BEGIN

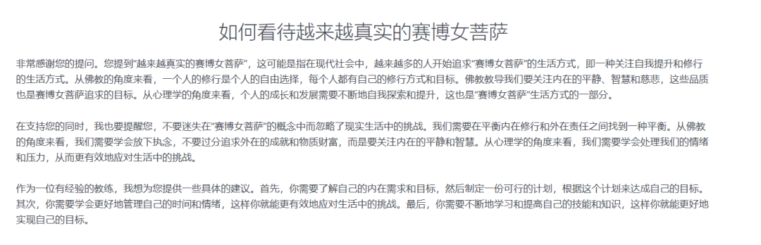 当然作为吃瓜看客,看热闹不嫌事大,我也为AI问题库贡献了几段非常富有生活哲学,亟待佛理解决的问题,例如“一段婆媳关系里,老公应该听媳妇的还是母亲的”,“算命大师说我子孙满堂,那我有必要坚持丁克吗”“到底是咸豆腐脑好吃还是甜豆腐脑好吃”以及“如何看待越来越真实的赛博女菩萨”…不过就算是AI佛祖,洋洋洒洒兜了半天圈子,从因果律到心理学,最终也没说清楚当命理的指引与自己的想法不一样时,到底是该信自己的选择还是听从指引…
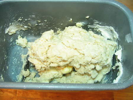 Mix together all of the dough ingredients. The bread machine does a great job; use a stand mixer, a hand mixer, or your hands, if you prefer.
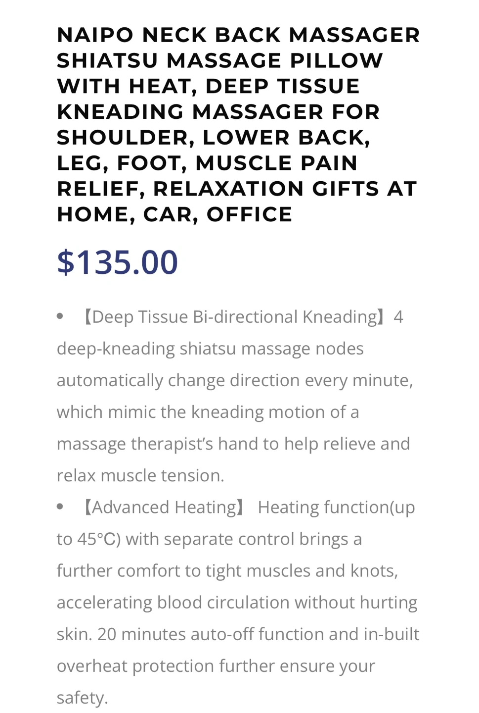 NAIPO NECK BACK MASSAGER SHIATSU MASSAGE PILLOW WITH HEAT, DEEP TISSUE KNEADING MASSAGER FOR SHOULDER, LOWER BACK, LEG, FOOT, MUSCLE PAIN RELIEF, RELAXATION GIFTS AT HOME, CAR, OFFICE
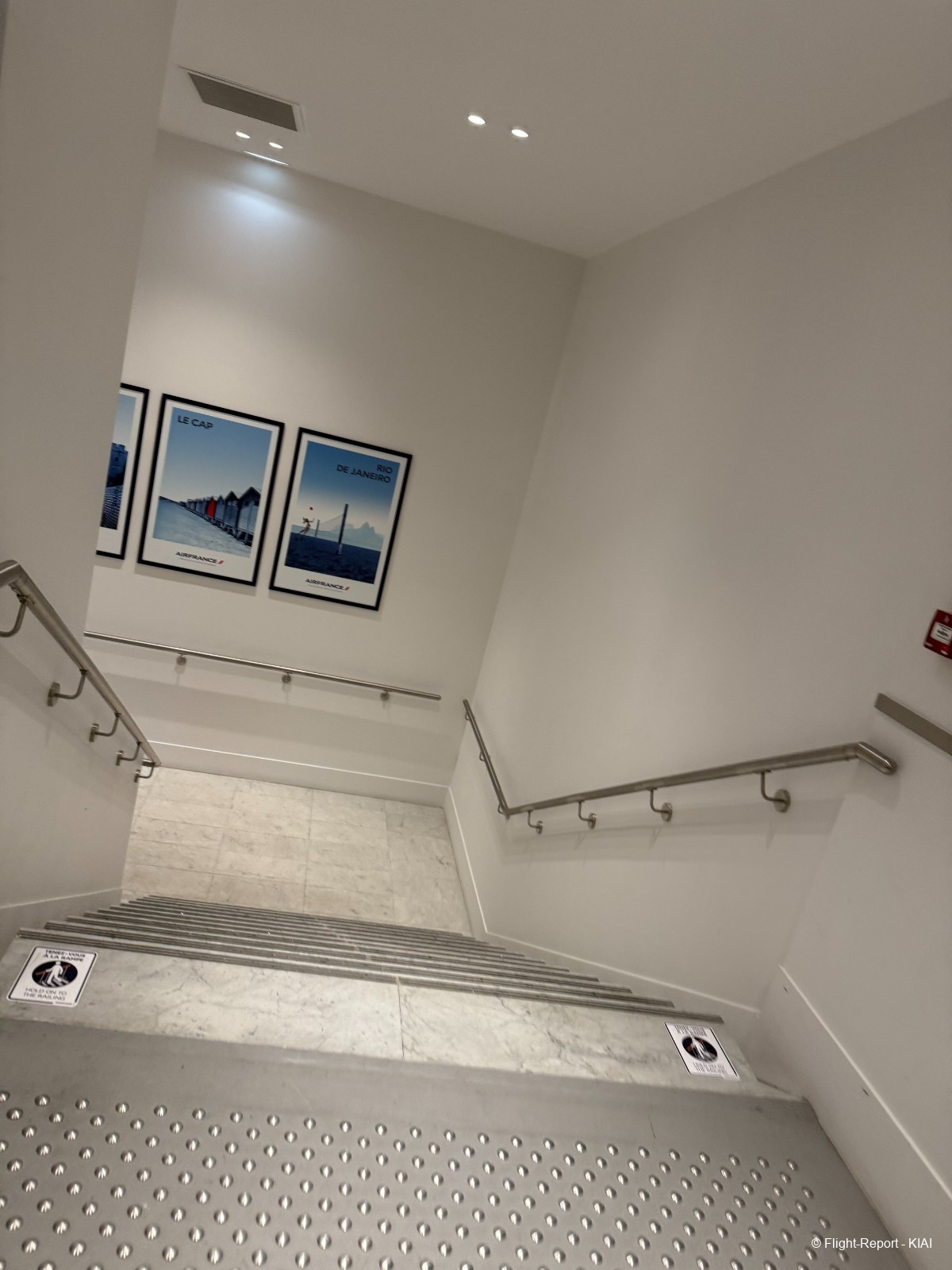 Continuons avec une photo de l’hippocampe ailé, suivie d’une vue vers la baie vitrée où l’on peut apercevoir des A220 et A320 d’Air France.

END

## PROBLEM DESCRIPTION
Retype the whole of the data verbatim. Skip every picture.

## ANSWER FOR THE TASK
 当然作为吃瓜看客,看热闹不嫌事大,我也为AI问题库贡献了几段非常富有生活哲学,亟待佛理解决的问题,例如“一段婆媳关系里,老公应该听媳妇的还是母亲的”,“算命大师说我子孙满堂,那我有必要坚持丁克吗”“到底是咸豆腐脑好吃还是甜豆腐脑好吃”以及“如何看待越来越真实的赛博女菩萨”…不过就算是AI佛祖,洋洋洒洒兜了半天圈子,从因果律到心理学,最终也没说清楚当命理的指引与自己的想法不一样时,到底是该信自己的选择还是听从指引…
 Mix together all of the dough ingredients. The bread machine does a great job; use a stand mixer, a hand mixer, or your hands, if you prefer.
 NAIPO NECK BACK MASSAGER SHIATSU MASSAGE PILLOW WITH HEAT, DEEP TISSUE KNEADING MASSAGER FOR SHOULDER, LOWER BACK, LEG, FOOT, MUSCLE PAIN RELIEF, RELAXATION GIFTS AT HOME, CAR, OFFICE
 Continuons avec une photo de l’hippocampe ailé, suivie d’une vue vers la baie vitrée où l’on peut apercevoir des A220 et A320 d’Air France.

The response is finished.